### Description of the task:
Where an entry below contains an image, skip the image and reproduce the rest exactly.

### Record extracts:

= Beginning of Section =

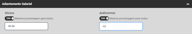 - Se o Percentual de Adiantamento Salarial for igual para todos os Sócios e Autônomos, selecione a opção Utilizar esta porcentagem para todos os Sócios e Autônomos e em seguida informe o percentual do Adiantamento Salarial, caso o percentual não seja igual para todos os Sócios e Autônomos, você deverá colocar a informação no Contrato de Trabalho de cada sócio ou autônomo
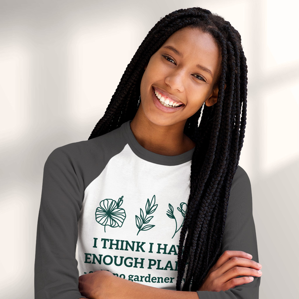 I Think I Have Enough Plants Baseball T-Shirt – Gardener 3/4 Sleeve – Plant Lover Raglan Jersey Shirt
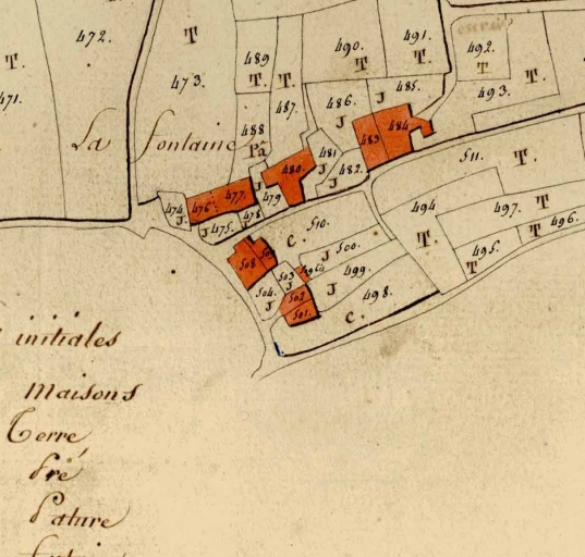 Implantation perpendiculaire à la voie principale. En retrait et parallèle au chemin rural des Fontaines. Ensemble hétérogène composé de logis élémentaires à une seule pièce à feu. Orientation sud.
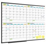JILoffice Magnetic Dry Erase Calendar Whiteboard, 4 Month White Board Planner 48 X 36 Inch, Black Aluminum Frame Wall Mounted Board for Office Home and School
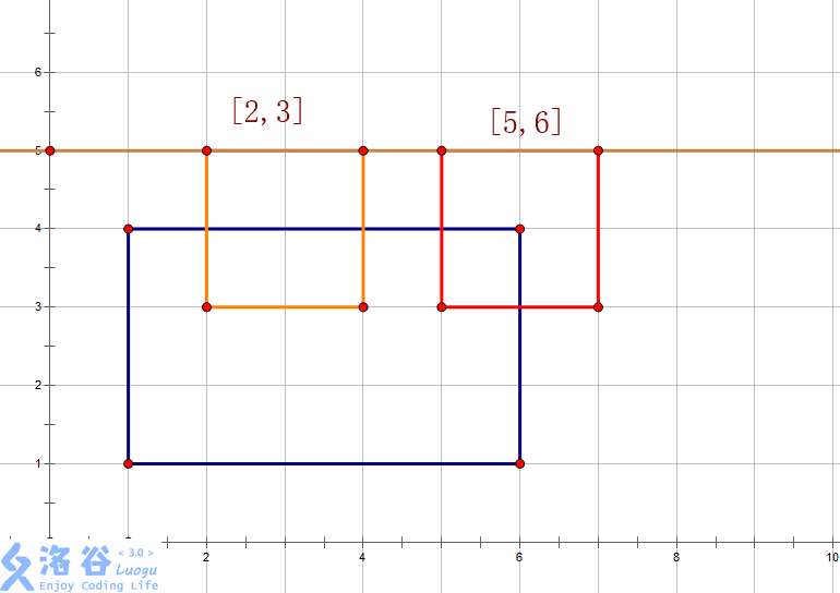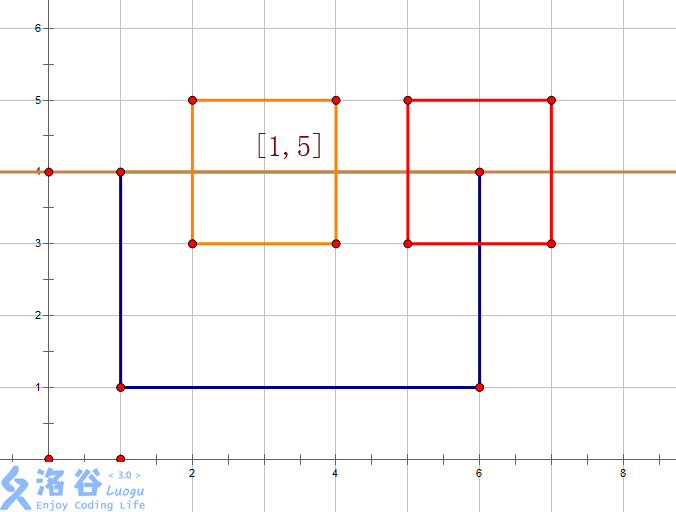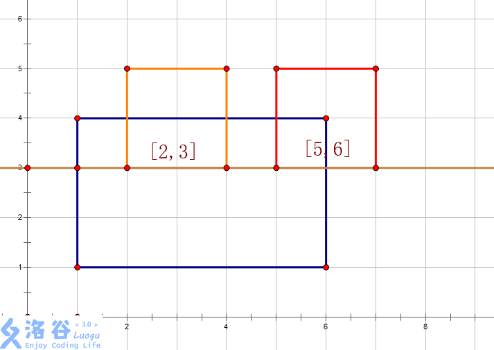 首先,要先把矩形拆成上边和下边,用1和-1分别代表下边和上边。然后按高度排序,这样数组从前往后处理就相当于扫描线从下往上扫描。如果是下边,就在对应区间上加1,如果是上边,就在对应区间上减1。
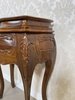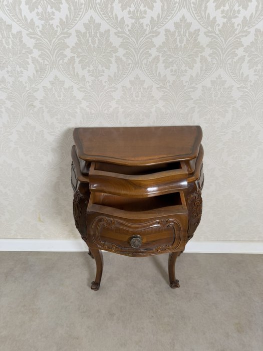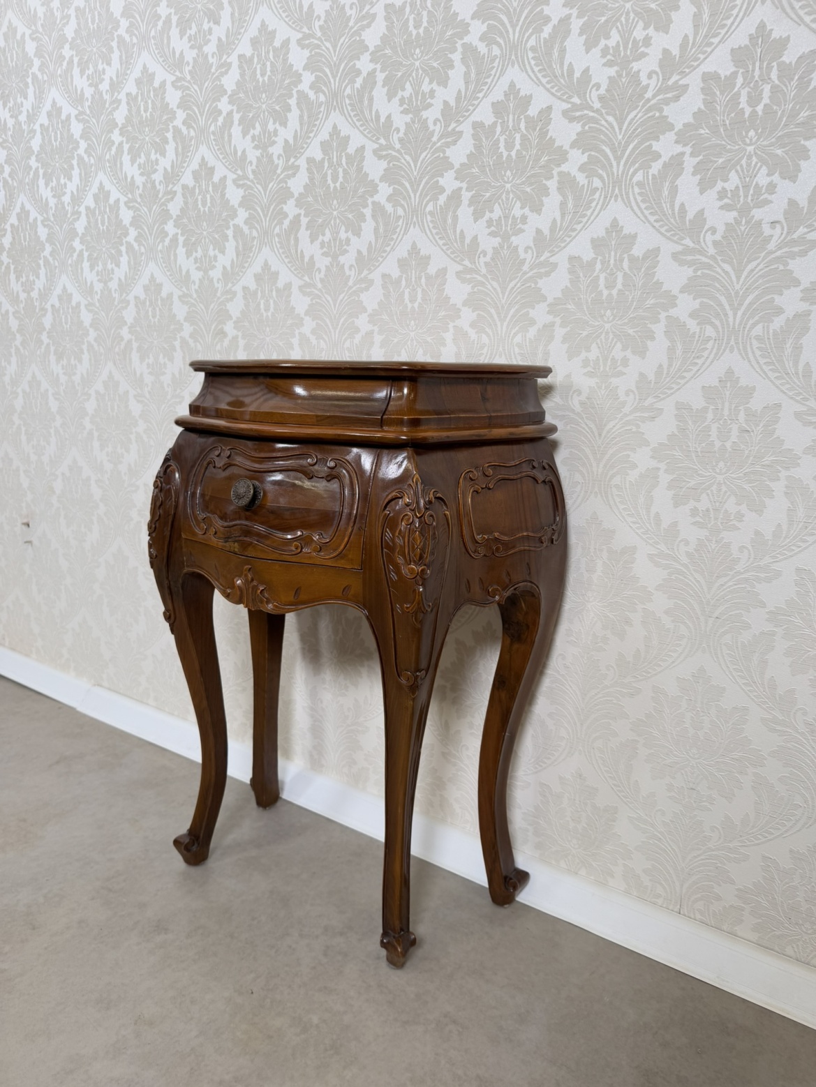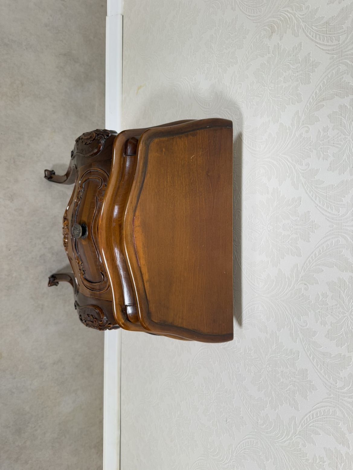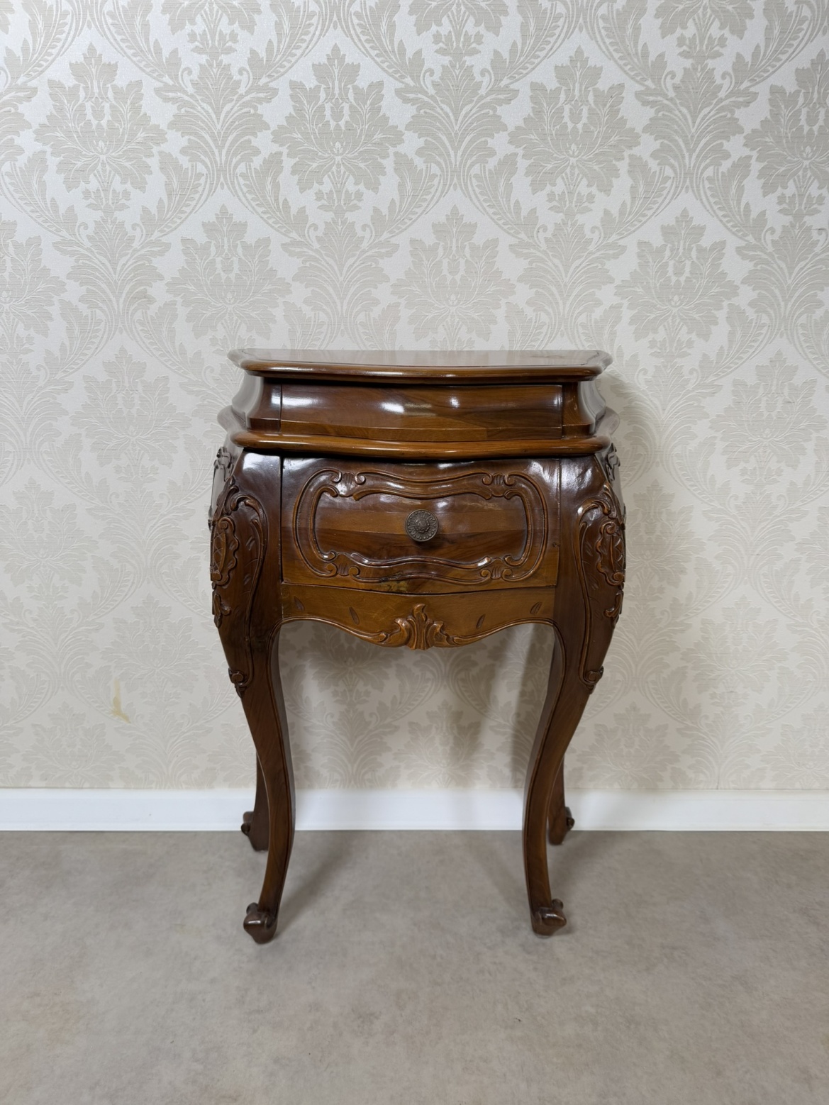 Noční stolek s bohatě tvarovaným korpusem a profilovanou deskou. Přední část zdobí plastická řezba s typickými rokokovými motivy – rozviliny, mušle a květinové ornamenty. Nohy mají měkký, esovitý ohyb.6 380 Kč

= End of Section =

### Answer box:
 - Se o Percentual de Adiantamento Salarial for igual para todos os Sócios e Autônomos, selecione a opção Utilizar esta porcentagem para todos os Sócios e Autônomos e em seguida informe o percentual do Adiantamento Salarial, caso o percentual não seja igual para todos os Sócios e Autônomos, você deverá colocar a informação no Contrato de Trabalho de cada sócio ou autônomo
 I Think I Have Enough Plants Baseball T-Shirt – Gardener 3/4 Sleeve – Plant Lover Raglan Jersey Shirt
 Implantation perpendiculaire à la voie principale. En retrait et parallèle au chemin rural des Fontaines. Ensemble hétérogène composé de logis élémentaires à une seule pièce à feu. Orientation sud.
JILoffice Magnetic Dry Erase Calendar Whiteboard, 4 Month White Board Planner 48 X 36 Inch, Black Aluminum Frame Wall Mounted Board for Office Home and School
 首先,要先把矩形拆成上边和下边,用1和-1分别代表下边和上边。然后按高度排序,这样数组从前往后处理就相当于扫描线从下往上扫描。如果是下边,就在对应区间上加1,如果是上边,就在对应区间上减1。
 Noční stolek s bohatě tvarovaným korpusem a profilovanou deskou. Přední část zdobí plastická řezba s typickými rokokovými motivy – rozviliny, mušle a květinové ornamenty. Nohy mají měkký, esovitý ohyb.6 380 Kč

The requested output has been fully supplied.